Exactly as written, write out the lines below from the first to the one containing "My VERY First,级别对应的GRL级别是A-E,卡通角色是Tug", inclusive. Pictures do not belong in the copy.

• _Given data_

-- Opening Marker --

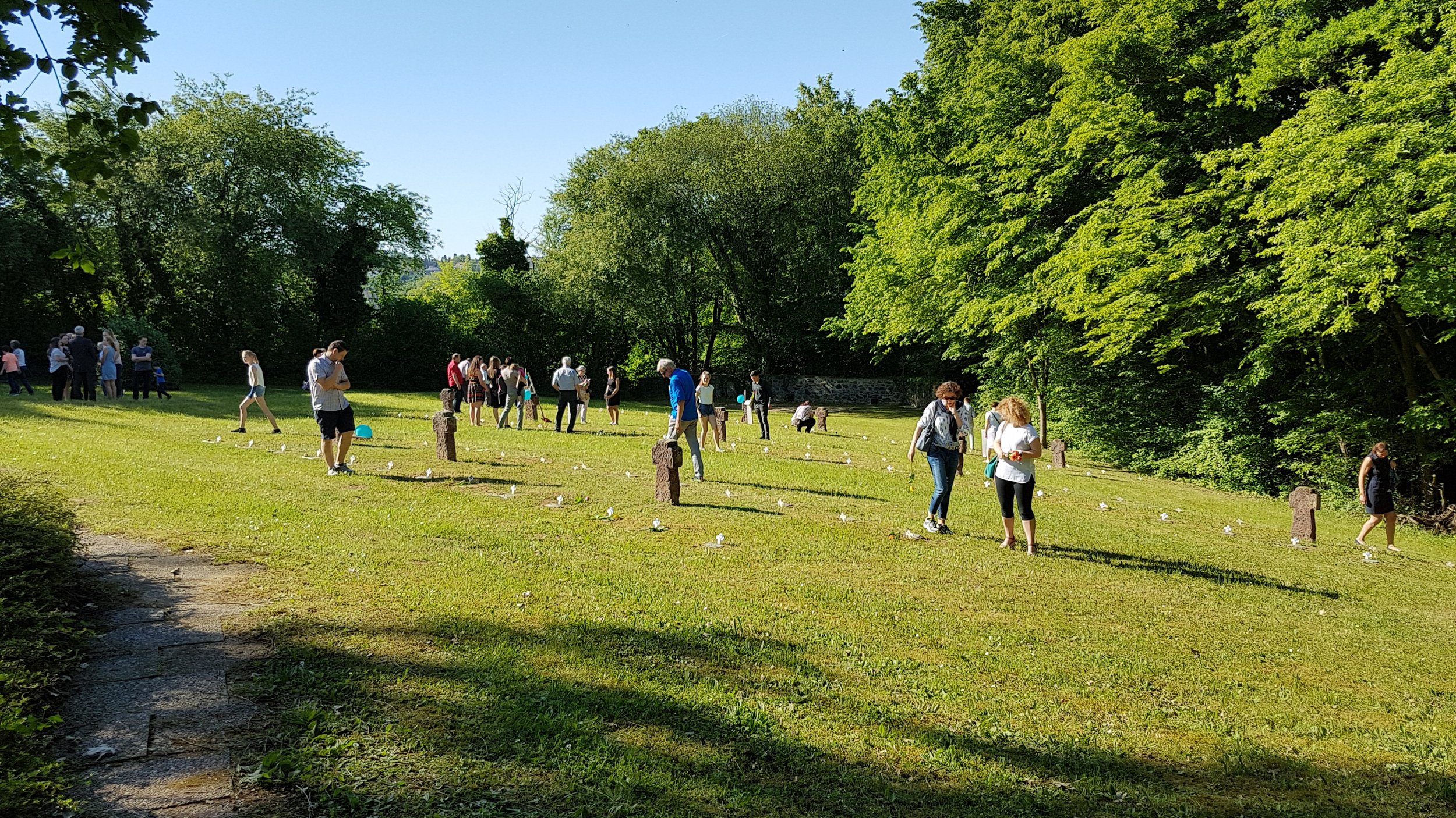 Die Gräberstätte wurde 1968 eingeweiht. Hier sind 239 Tote bestattet, die zumeist im Zweiten Weltkrieg ums Leben kamen: Soldaten der Wehrmacht, Angehörige der SS und deutsche Zivilisten, polnische und sowjetische Kriegsgefangene, Zwangsarbeitskräfte und KZ-Häftlinge, außerdem mindestens elf Kinder von Zwangsarbeiterinnen. Auch einige Tote des Ersten Weltkriegs sind hier begraben.
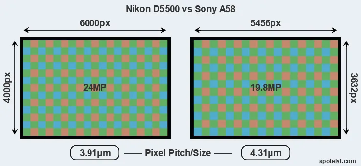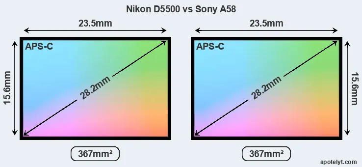| Sensor Specs | Nikon D5500 | Sony A58 |
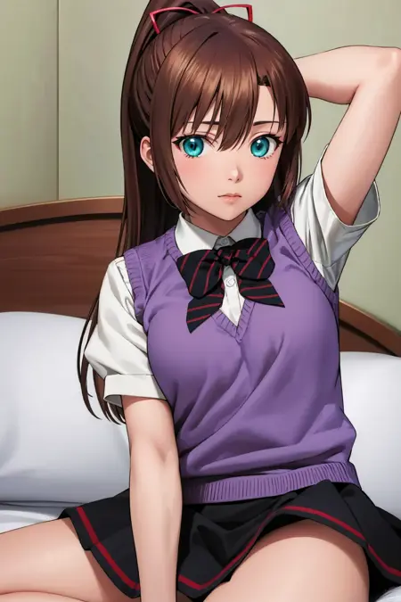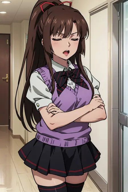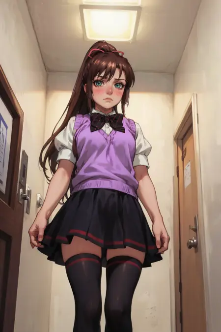 그녀의 전형적인 외모를 위해 "헤어 리본, 버터플라이 넥타이, 흰 셔츠, 보라색 스웨터 조끼, 단팔, 주름치마, 검은 허벅지 양말"을 추가하세요.
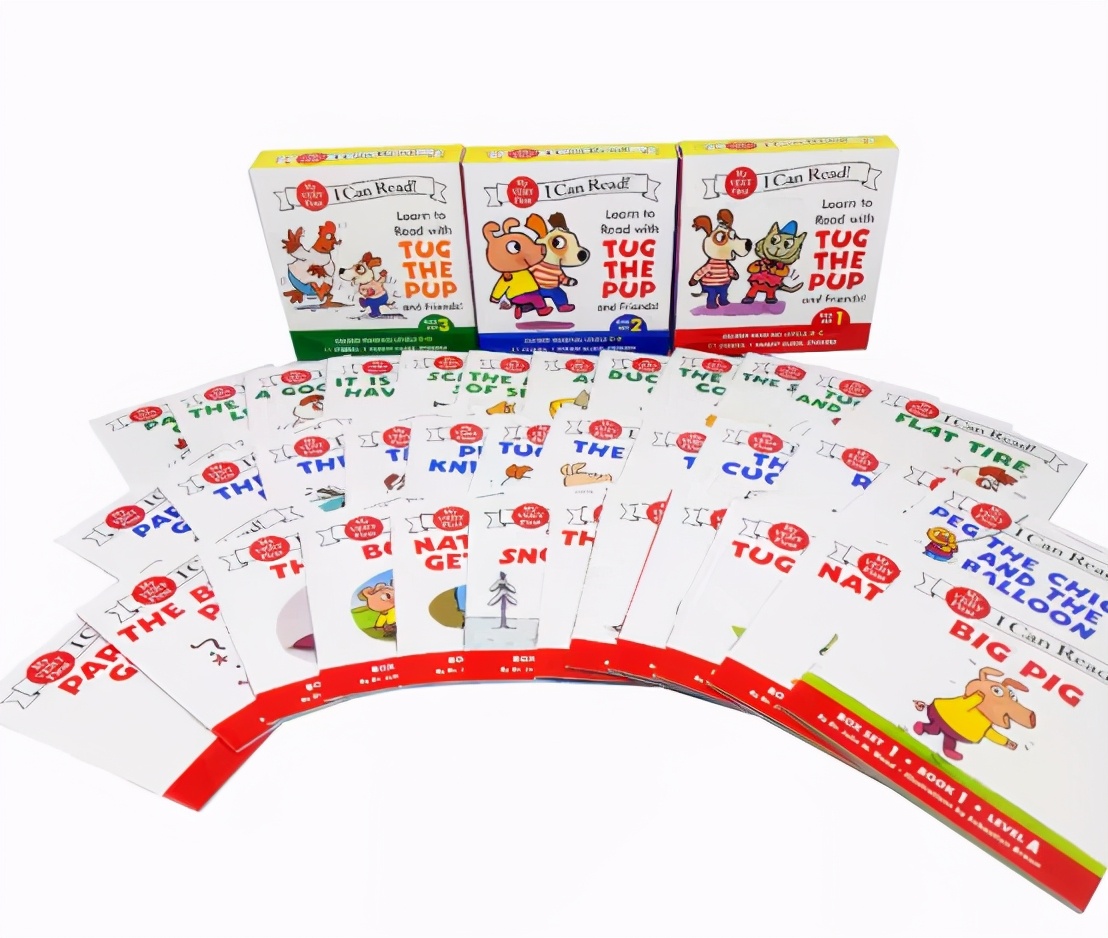 My VERY First,级别对应的GRL级别是A-E,卡通角色是Tug The Pup塔戈小狗。适合2-6岁。一共3套,分为红、黄、蓝三个颜色,每套11册,每本书封面下边都标明了GRL级别(GRL,即Guided Reading Level,通常也叫做A-Z,是美国小朋友阅读分级的一种),每盒还包括一本家长阅读指南和奖励贴纸。3套原版网上约160元。
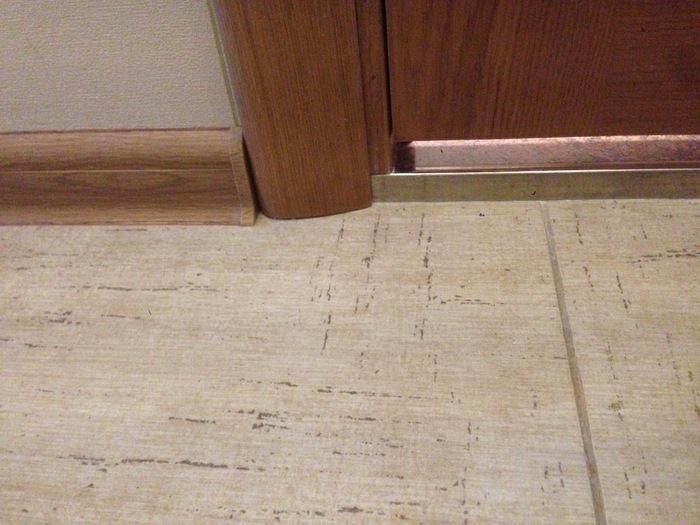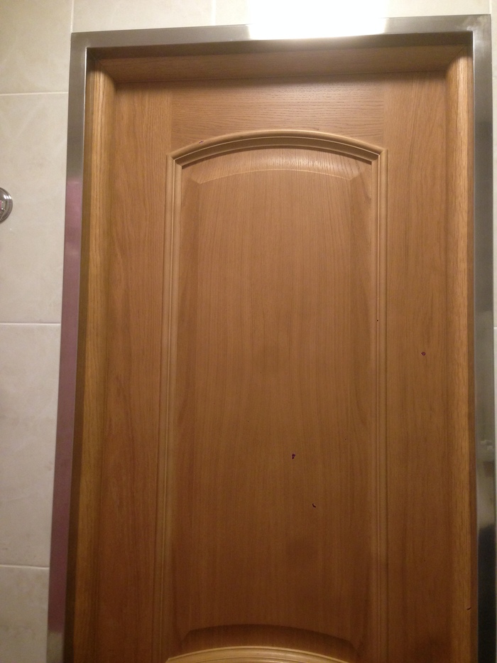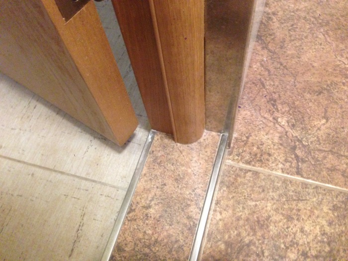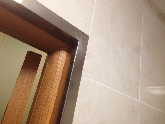 Снести все старое не всегда разумно да и не всегда возможно. У меня стена в ванную сложена из кирпича на ребро. Плюс штукатурка, плюс кривая, получилось порядка 100 мм толщиной. Стандартный ( условно) косяк имеет ширину 75 мм, не то ни сё. Т.е. нужен добор. Дерево в ванной не очень хорошо стоит, видел, как разбухает из-за сырости, шпон вспучивается. Далее, в ванную нужен порог. У меня изначально высота пола в ванной была больше, чем в коридоре. Т.е., вся пролитая вода вытекала в коридор. Нужно, на мой взгляд, делать высоту пола в ванной ниже, чем в коридоре. Далее, наличники. Их опускать до пола или до порожка. До пола – плохо по причине намокания, до порожка – не красиво. Все эти аргументы привели меня к конструкции добора-наличников из нержавеющего профиля 40х30мм. Нержавейка вполне уместна в ванной, т.к. присутствуют хромированные краны, полотенцесушитель и другие блестящие элементы. В мастерской я сделал портал в виде буквы «О» из профиля, вклеил его в проем со стороны ванной. Затем сформировал порог. Одна из стенок порога ( внутренняя) является частью портала. Вторую установил на месте. Порог у меня получился на 20 мм выше пола в коридоре и на 40 мм выше пола в ванной. Порог состоит из двух параллельных нержавеющих профилей, между которыми положена плитка. Сначала ставятся профили и скрепляются между собой проволокой (в профилях с внутренней стороны сделаны отверстия для этого) и заливаются жидким раствором типа наливной пол. Затем вклеивается плитка между профилями.
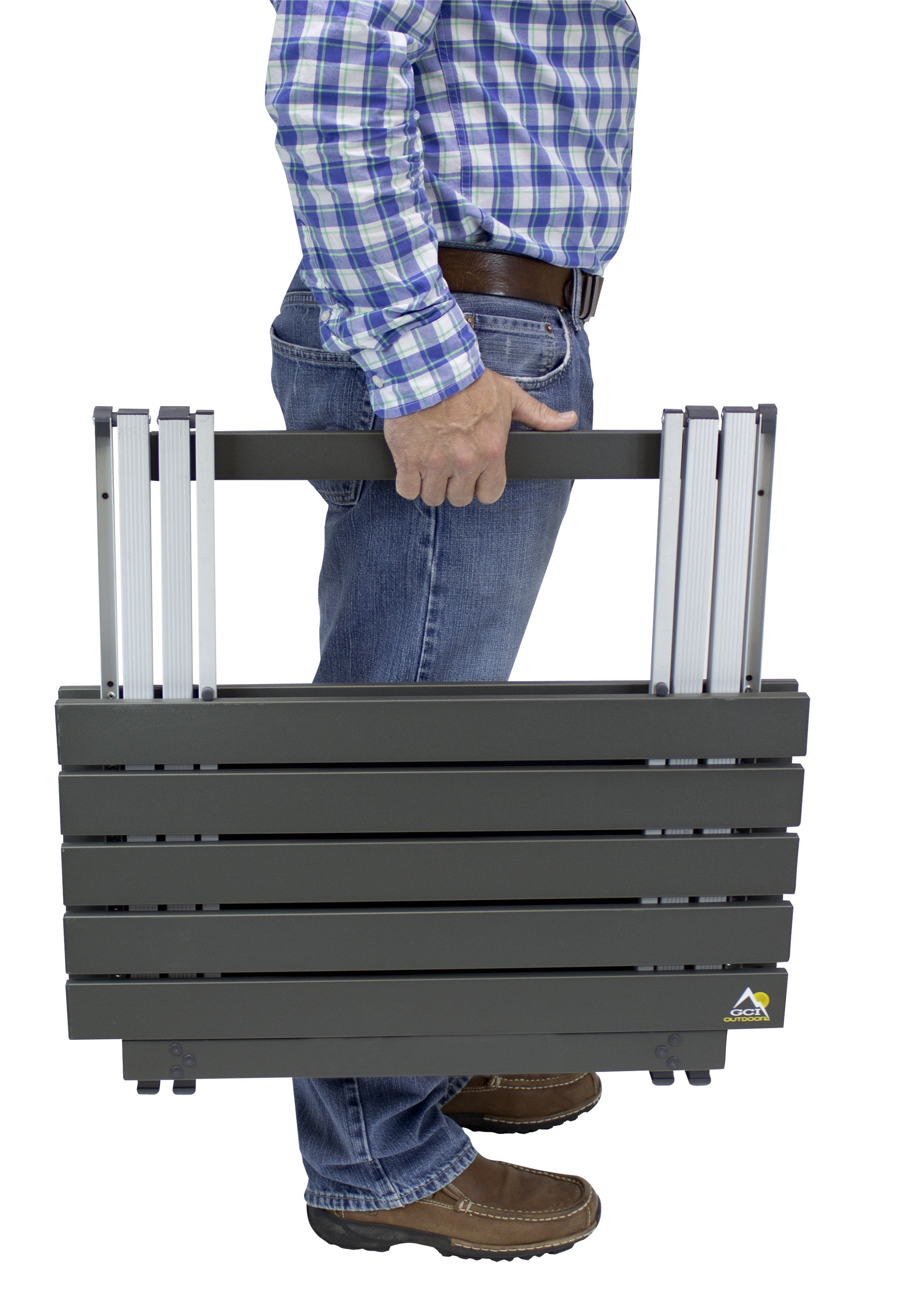 From morning coffee by the fire to evening meals under the stars, the GCI Outdoor Compact Camp Table 25 provides a stable surface for any outdoor occasion. Designed for both portability and durability, this lightweight table features a heat-resistant aluminum top that supports up to 60 lbs. of food, drinks, and gear—making it a versatile workspace for cooking, prepping, and casual dining. Its one-piece, square design comfortably seats up to four people, ideal for small gatherings. With a patented quick-folding mechanism, setup and takedown are effortless, giving you more time to enjoy your favorite activities. When it’s time to pack up, Squeeze Telescoping Technology ensures smooth collapsing—simply press the folded tabletop to release the locks, push up the legs, and you’re ready to go.
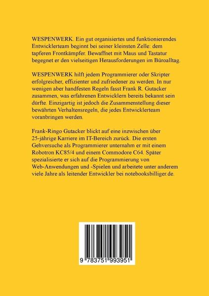 WESPENWERK. Ein gut organisiertes und funktionierendes Entwicklerteam beginnt bei seiner kleinsten Zelle: dem tapferen Frontkämpfer. Bewaffnet mit Maus und Tastatur begegnet er den vielseitigen Herausforderungen im Büroalltag. WESPENWERK hilft jedem Programmierer oder Skripter erfolgreicher, effizienter und zufriedener zu werden. In nur wenigen aber handfesten Regeln fasst Frank R. Gutacker zusammen, was erfahrenen Entwicklern bereits bekannt sein dürfte. Einzigartig ist jedoch die Zusammenstellung dieser bewährten Verhaltensregeln, die jedes Entwicklerteam voranbringen werden.
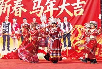阳江日报讯(记者/陈海涛)2月20日大年初四,天气晴好。江城区双捷镇乐安村的东门苗家小寨年味正浓,苗族村民载歌载舞迎客来。寨门前,车辆陆续驶入停车场内,游客走进寨中体验苗家特色风俗。截至当天,苗家小寨春节假期已接待游客上万人次。
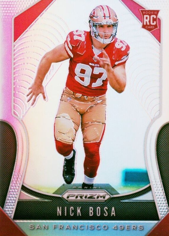 The Nick Bosa 2019 Prizm #311 Silver Rookie card in Raw condition has moved down -$6.99 (-41.1%) in the last 30 days and was last sold for $10.00 .
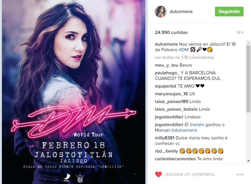 É isso mesmo, a diva anunciou um show da “DM World Tour” para 18 de fevereiro que é exatamente daqui à um mês, o que nos faz pensar que nesse meio tempo é bem provável que o terceiro álbum de Dulce seja conhecido por todos nós. Vale lembrar que a cantora não lança algo novo desde o lançamento de “Al Otro Lado De La Lluvia”, música que integrará a tracklist do DM3.

-- Closing Marker --

• _Answer section_
 Die Gräberstätte wurde 1968 eingeweiht. Hier sind 239 Tote bestattet, die zumeist im Zweiten Weltkrieg ums Leben kamen: Soldaten der Wehrmacht, Angehörige der SS und deutsche Zivilisten, polnische und sowjetische Kriegsgefangene, Zwangsarbeitskräfte und KZ-Häftlinge, außerdem mindestens elf Kinder von Zwangsarbeiterinnen. Auch einige Tote des Ersten Weltkriegs sind hier begraben.
| Sensor Specs | Nikon D5500 | Sony A58 |
 그녀의 전형적인 외모를 위해 "헤어 리본, 버터플라이 넥타이, 흰 셔츠, 보라색 스웨터 조끼, 단팔, 주름치마, 검은 허벅지 양말"을 추가하세요.
 My VERY First,级别对应的GRL级别是A-E,卡通角色是Tug The Pup塔戈小狗。适合2-6岁。一共3套,分为红、黄、蓝三个颜色,每套11册,每本书封面下边都标明了GRL级别(GRL,即Guided Reading Level,通常也叫做A-Z,是美国小朋友阅读分级的一种),每盒还包括一本家长阅读指南和奖励贴纸。3套原版网上约160元。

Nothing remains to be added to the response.